Как сказать об этом ректору? Или не говорить? Разве может женщина сказать об этом мужчине? Стыдно… Стыдно самой и стыдно поставить человека в неловкое положение. А самое главное – страшно! Ректора все боялись, он был велик и неуравновешен, мог запросто наорать на кого угодно – от студента до профессора. За малейший прокол своих подчиненных распоряжался о снятии надбавок, мог наказать всю кафедру лишением премии… И как назло – Карины, секретарши, не было на ее месте в приемной. Она ушла встречать москвичей к гардеробу. Оксана видела ее через стекло перехода между корпусами. Значит придет комиссия, а ректор их – вот такой – встретит! И Карина уже ничего сказать ему не успеет. А вдруг люди без чувства юмора попадутся, влетит Боровикову, что не следит за собой… А он потом Оксану попрекнет: «Что ж ты, змеюка подколодная, не сказала?»

Оксана мигом прокрутила возможный ход событий и погналась за начальником, физически ощущая разверзающуюся под ногами вязкую пропасть.

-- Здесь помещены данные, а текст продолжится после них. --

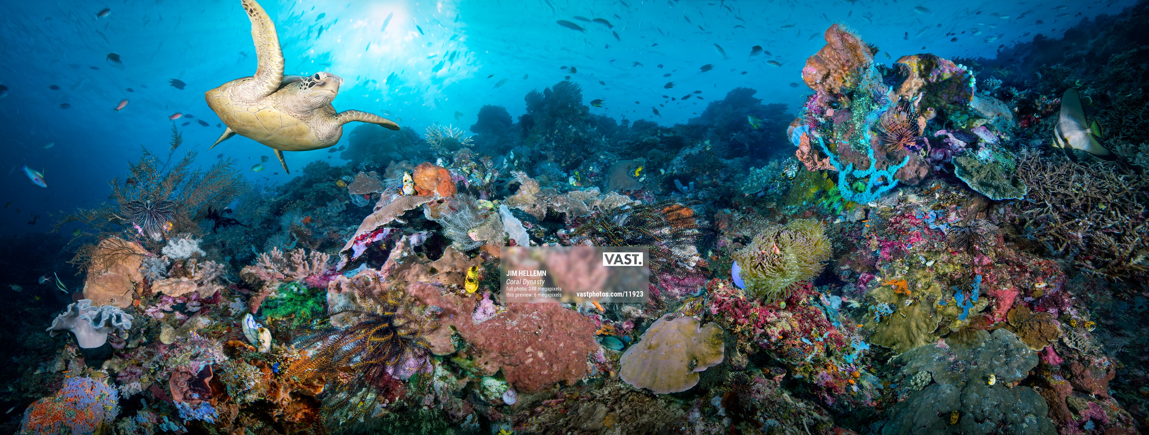 This high resolution photo-composite was captured in over 50 individual frames, resulting in exceptional resolution and extreme details. Various marine life is captured in this image, including Green Sea Turtles, Clown Fish, Lionfish, Crinoids and more.

– Аристарх Леонидович! – окликнула она ректора.

Тот остановился в недоумении, что его сотрудники могут быть такими наглыми.

– У Вас шнурок развязался!.. – прошептала, догнав его, Оксана, краснея от макушки до пят.

Ректор поднял брови, посмотрел на пунцовую Пермякову, потом на свои ботинки на молнии, потом снова на Пермякову. Она не учла, что увидеть главное Боровикову помешает его большой живот.

– Вы издеваетесь? – мягко спросил Аристарх Леонидович, пронзив Оксану ледяным взглядом.

– Я… Простите…

Он брезгливо дернул толстым подбородком, покрытым ухоженной бородой, отвернулся от Пермяковой, зашел в дверь своей приемной и закрыл ее перед носом Оксаны. Та поняла, что если б не напряженное ожидание комиссии, ректор бы сейчас уничтожил ее на месте. Без мучений.

В конце «коридора власти» послышался шум входящей компании, состоявшей из трех солидных мужей и холеной аристарховой секретарши.

«Конец!» – подумала Оксана. На ее ладонях мгновенно выступил липкий холодный пот. Она без стука распахнула дверь приемной, отчаянным шепотом выпалила с закрытыми глазами: «У Вас брюки расстегнуты!» – и вылетела обратно, как пробка из бутылки.

Ректор в тот момент застегивался, отвернувшись к окну. «Да понял я уже…» – пробурчал он захлопнувшейся за Пермяковой двери и ухмыльнулся краем уса.

Карина Владиленовна, пятидесятилетняя серая институтская кардинальша, метнула на Пермякову испепеляющий взгляд, когда они поравнялись. А Оксана, крепко прижав к себе неподписанные документы, ушла головой в плечи и молча прошмыгнула мимо, терзаясь только двумя фактами: каблуки слишком громко стучат, и ручка двери наверняка осталась влажной после ее ладони… На остальное ее мозг мгновенно наложил табу: «Это не со мной! Сейчас попью кофейку – и все пройдет!»

К Верещагиной она пошла не сразу после своей ужасной встречи с ректором, а через буфет.

– Смотри, какой шоколад у нас продают! Как из детства! – деланно радостно сообщила она подруге, выгружая ей на стол три плитки «Аленки».

– У тебя вид, будто завтра у тебя расстрел, – сказала ей Верещагина.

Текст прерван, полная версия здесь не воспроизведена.